Could you restate word for word every line from the one containing "Next, the instructor" to the end of the data below, pictures excluded?

• **Recorded data**
Start of Block

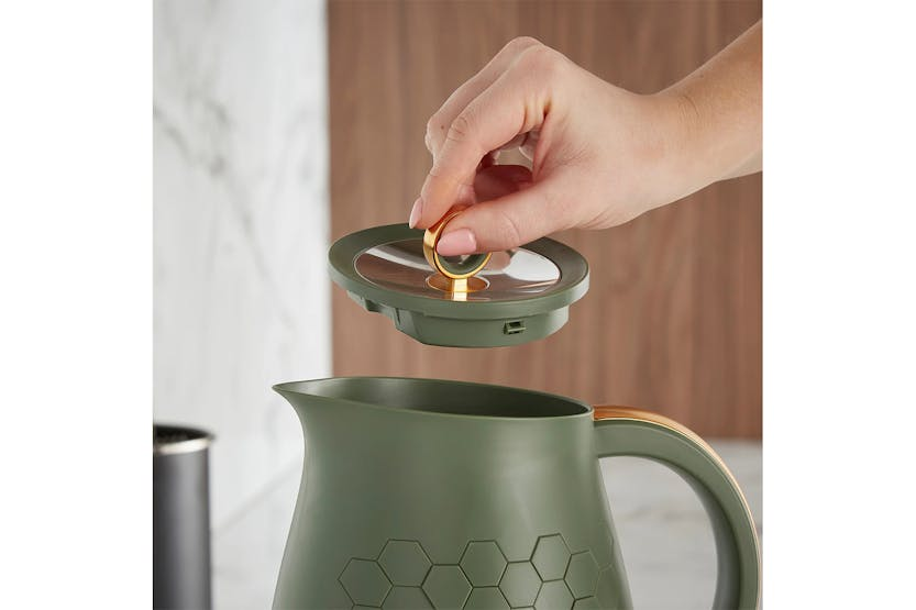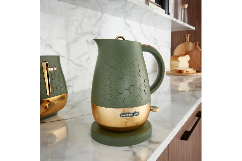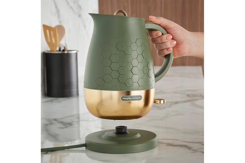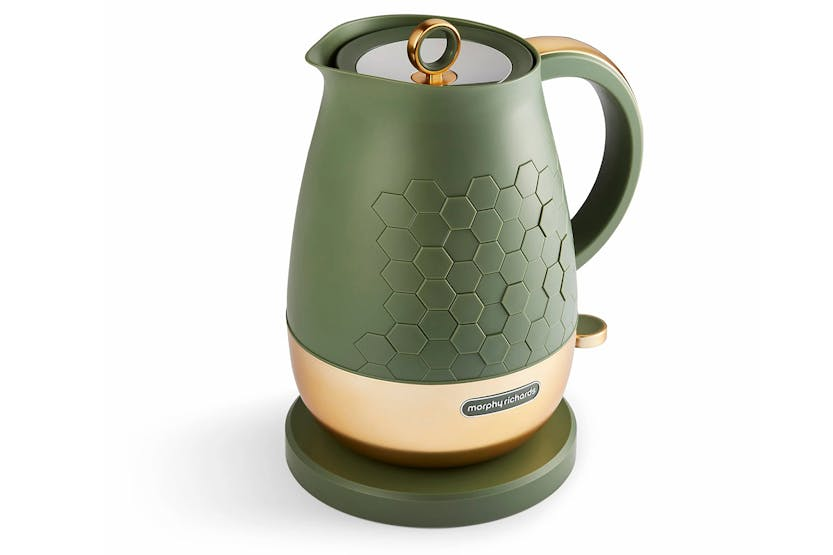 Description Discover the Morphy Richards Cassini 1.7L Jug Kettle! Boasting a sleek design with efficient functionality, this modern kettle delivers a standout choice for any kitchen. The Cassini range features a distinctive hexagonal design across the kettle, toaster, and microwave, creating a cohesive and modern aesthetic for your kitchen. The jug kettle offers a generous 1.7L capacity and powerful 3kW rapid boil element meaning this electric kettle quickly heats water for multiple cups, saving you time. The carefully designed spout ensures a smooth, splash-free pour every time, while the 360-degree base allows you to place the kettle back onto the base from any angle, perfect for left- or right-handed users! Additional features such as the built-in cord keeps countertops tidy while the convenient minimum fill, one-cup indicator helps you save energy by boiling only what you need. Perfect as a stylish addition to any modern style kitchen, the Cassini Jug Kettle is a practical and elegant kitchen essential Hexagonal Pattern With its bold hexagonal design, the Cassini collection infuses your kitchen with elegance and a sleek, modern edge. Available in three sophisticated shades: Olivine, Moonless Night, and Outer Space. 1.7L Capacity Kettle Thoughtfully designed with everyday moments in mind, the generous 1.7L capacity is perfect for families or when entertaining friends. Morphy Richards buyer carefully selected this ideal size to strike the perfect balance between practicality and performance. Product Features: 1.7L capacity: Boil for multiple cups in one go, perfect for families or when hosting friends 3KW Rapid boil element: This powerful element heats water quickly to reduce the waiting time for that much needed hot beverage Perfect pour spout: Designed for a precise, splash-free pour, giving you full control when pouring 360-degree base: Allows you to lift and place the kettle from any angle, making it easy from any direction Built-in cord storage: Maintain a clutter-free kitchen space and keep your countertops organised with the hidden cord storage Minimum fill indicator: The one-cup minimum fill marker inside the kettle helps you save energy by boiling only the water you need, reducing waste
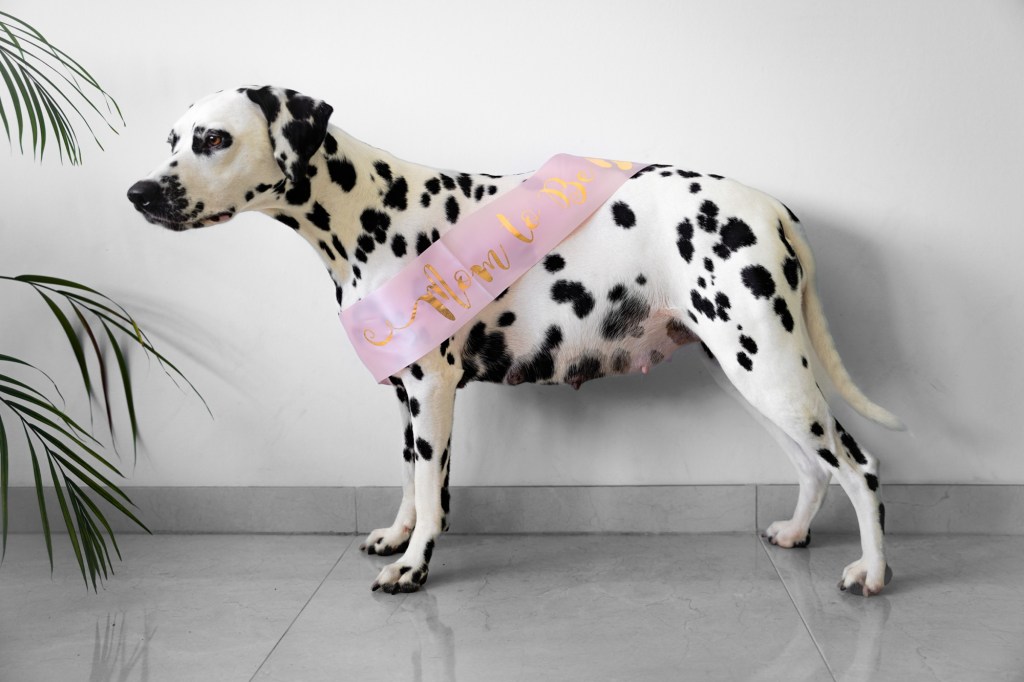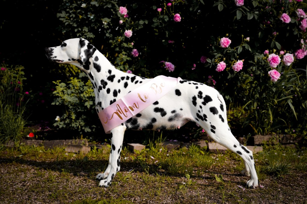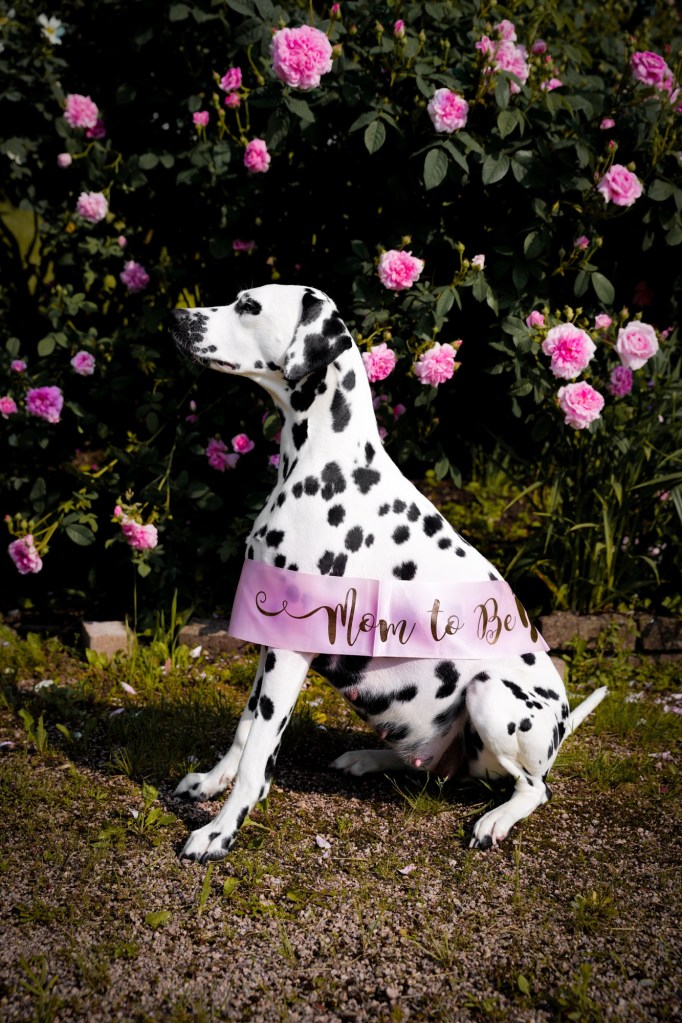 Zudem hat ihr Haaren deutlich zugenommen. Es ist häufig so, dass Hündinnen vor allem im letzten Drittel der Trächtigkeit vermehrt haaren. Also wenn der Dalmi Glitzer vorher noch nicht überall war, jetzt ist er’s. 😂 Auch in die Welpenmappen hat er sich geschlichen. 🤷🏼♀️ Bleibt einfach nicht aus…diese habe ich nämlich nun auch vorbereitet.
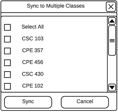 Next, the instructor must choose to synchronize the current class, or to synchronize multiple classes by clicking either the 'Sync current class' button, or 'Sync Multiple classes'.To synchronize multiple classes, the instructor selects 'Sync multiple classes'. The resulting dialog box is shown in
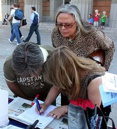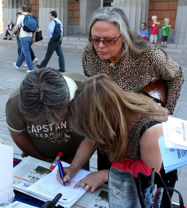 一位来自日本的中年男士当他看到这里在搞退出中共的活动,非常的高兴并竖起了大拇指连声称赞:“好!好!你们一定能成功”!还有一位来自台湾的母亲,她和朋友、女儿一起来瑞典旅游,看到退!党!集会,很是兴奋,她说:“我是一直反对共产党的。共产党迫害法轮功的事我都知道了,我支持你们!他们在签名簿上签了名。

End of Block

• **Completed exercise**
 Next, the instructor must choose to synchronize the current class, or to synchronize multiple classes by clicking either the 'Sync current class' button, or 'Sync Multiple classes'.To synchronize multiple classes, the instructor selects 'Sync multiple classes'. The resulting dialog box is shown in
 一位来自日本的中年男士当他看到这里在搞退出中共的活动,非常的高兴并竖起了大拇指连声称赞:“好!好!你们一定能成功”!还有一位来自台湾的母亲,她和朋友、女儿一起来瑞典旅游,看到退!党!集会,很是兴奋,她说:“我是一直反对共产党的。共产党迫害法轮功的事我都知道了,我支持你们!他们在签名簿上签了名。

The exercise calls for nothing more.